• Required action:
Retype all the entries word for word, but omit the pictures.

Data items:
##############################

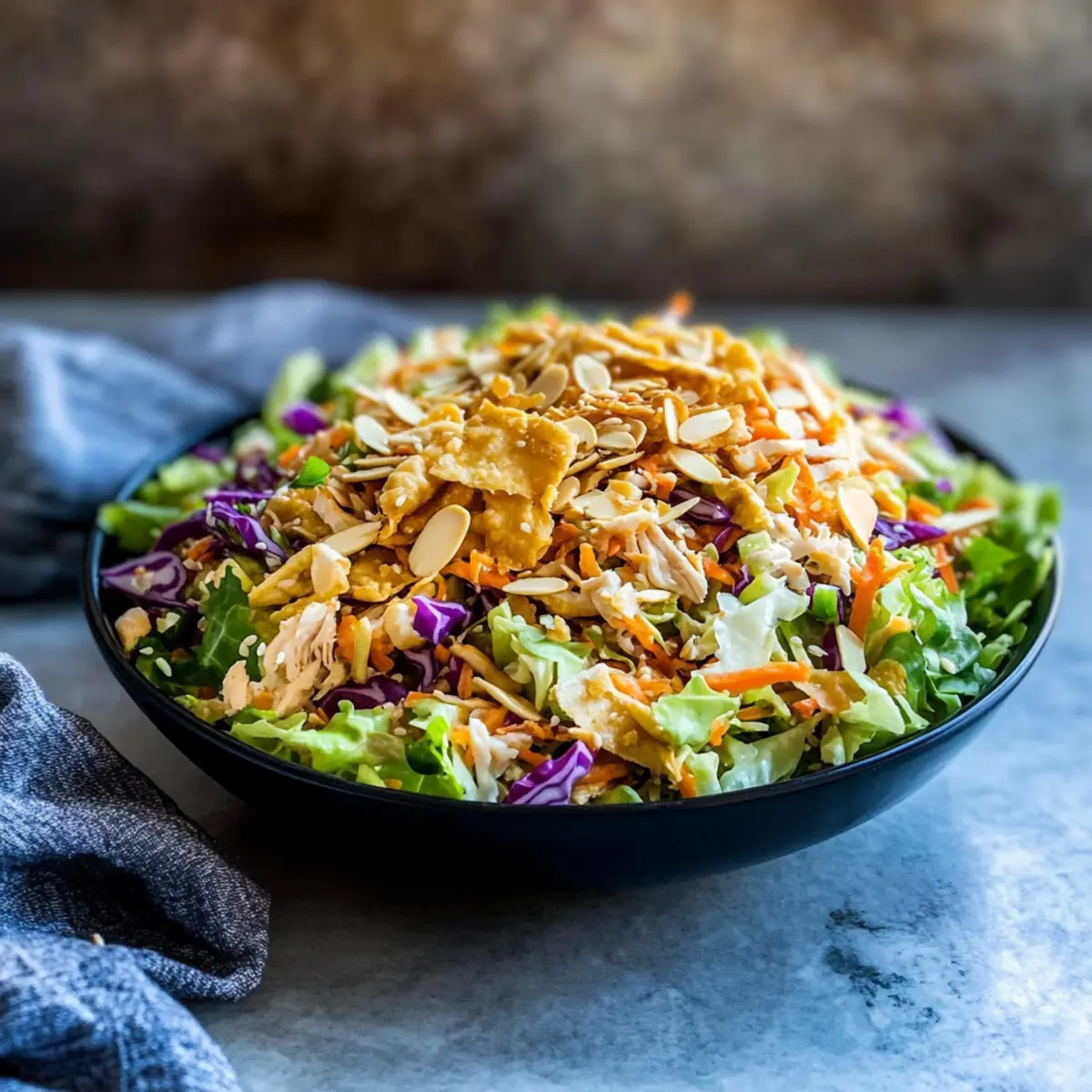 Just before serving, sprinkle a handful of toasted almonds and crispy wonton strips over the top of your salad mix. This step adds essential crunch to your Chinese Chicken Salad and enhances the overall presentation. Aim to do this right before serving to maintain that delightful texture, which takes only about 1 minute.
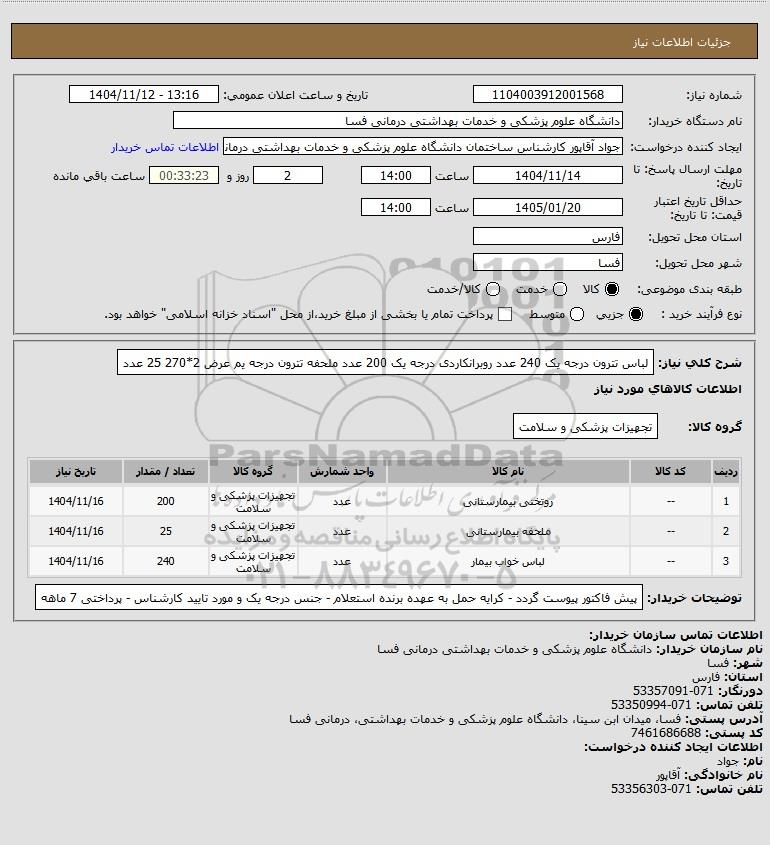 | 3 | -- | لباس خواب بیمار | عدد | تجهیزات پزشکی و سلامت | 240 | 1404/11/16 |
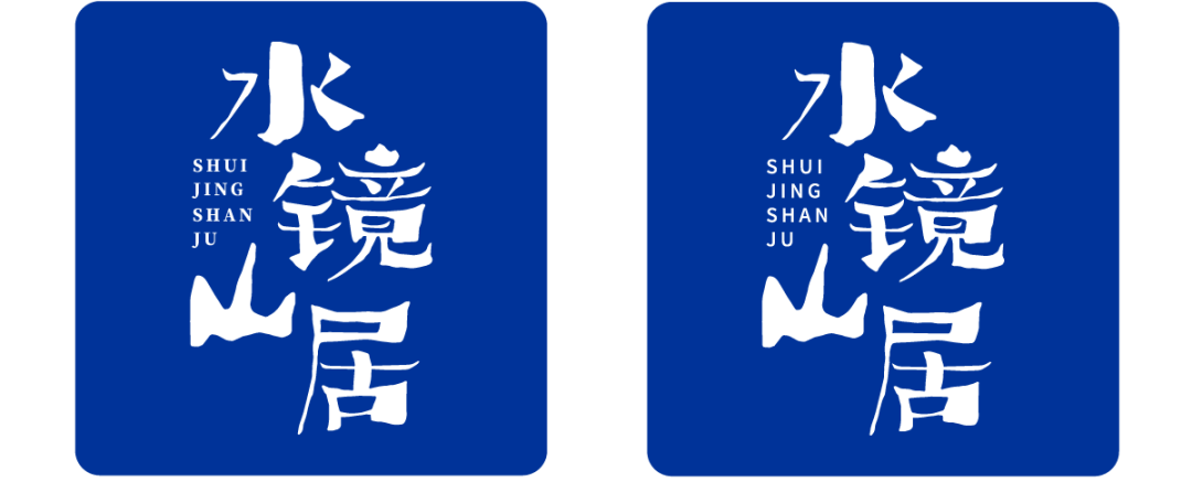 2,“水镜山居”,是一家民宿,中文设计的风格,是偏手写的感觉,在拼音的字体选择上,左图,是衬线体,右图,是非衬线体。
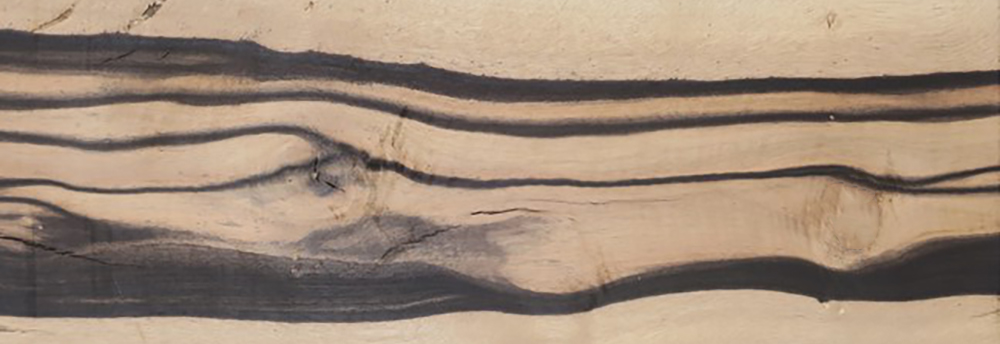 白に黒が流れるように現れ、緊張感があります。私は黒柿と似た材を見たことがありません。通常木材は単色、色味の変化があってもグラデーションの変化です。黒柿は捕食に近い色が入ら珍しい見た目です。
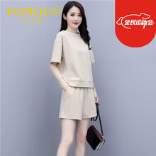 步诺客(PONOCO)轻奢运动套装女休闲2021夏款新宽松短袖短裤晨跑锻炼跑步幼师两件套棉 卡其 L
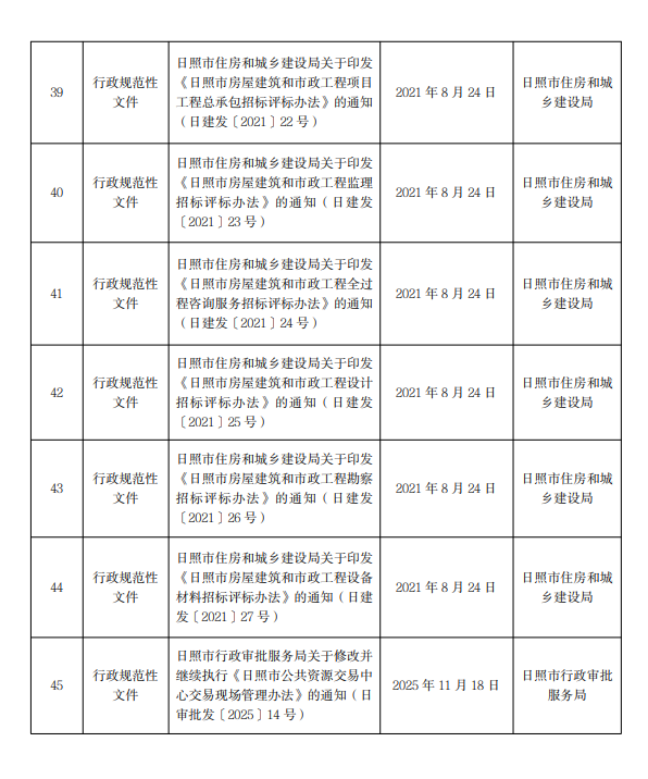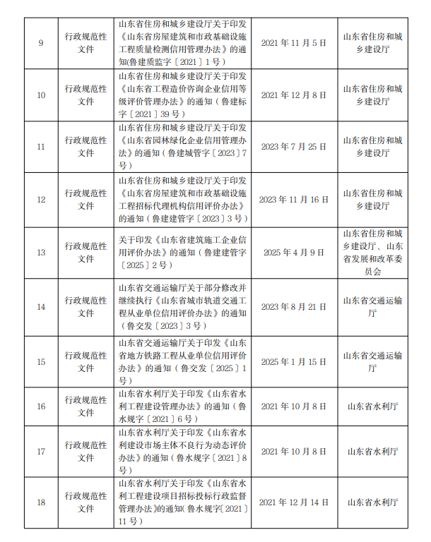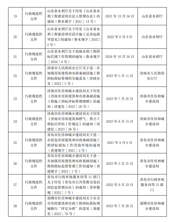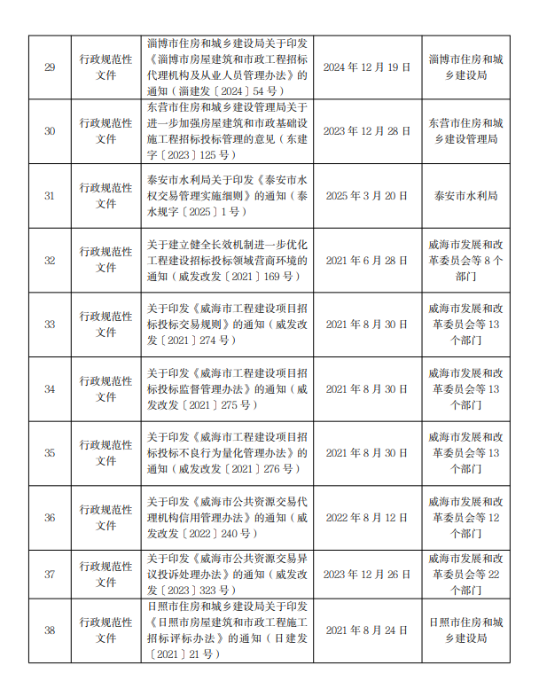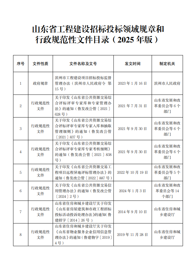 关于印发《山东省工程建设招标投标领域规章和行政规范性文件目录(2025年版)》的通知
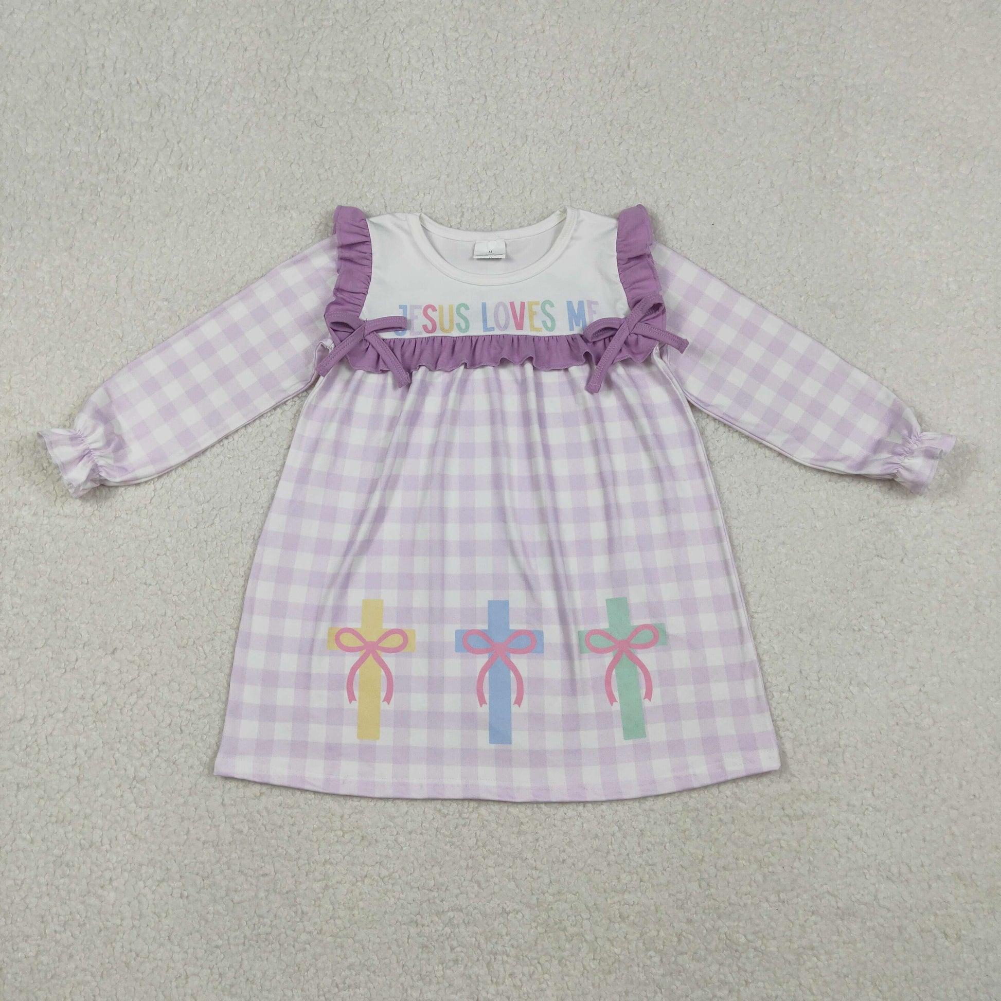 GLD1356 Easter Jesus love me cross bows purple checkered long sleeve girls dress

##############################

• Solution to the exercise:
 Just before serving, sprinkle a handful of toasted almonds and crispy wonton strips over the top of your salad mix. This step adds essential crunch to your Chinese Chicken Salad and enhances the overall presentation. Aim to do this right before serving to maintain that delightful texture, which takes only about 1 minute.
 | 3 | -- | لباس خواب بیمار | عدد | تجهیزات پزشکی و سلامت | 240 | 1404/11/16 |
 2,“水镜山居”,是一家民宿,中文设计的风格,是偏手写的感觉,在拼音的字体选择上,左图,是衬线体,右图,是非衬线体。
 白に黒が流れるように現れ、緊張感があります。私は黒柿と似た材を見たことがありません。通常木材は単色、色味の変化があってもグラデーションの変化です。黒柿は捕食に近い色が入ら珍しい見た目です。
 步诺客(PONOCO)轻奢运动套装女休闲2021夏款新宽松短袖短裤晨跑锻炼跑步幼师两件套棉 卡其 L
 关于印发《山东省工程建设招标投标领域规章和行政规范性文件目录(2025年版)》的通知
 GLD1356 Easter Jesus love me cross bows purple checkered long sleeve girls dress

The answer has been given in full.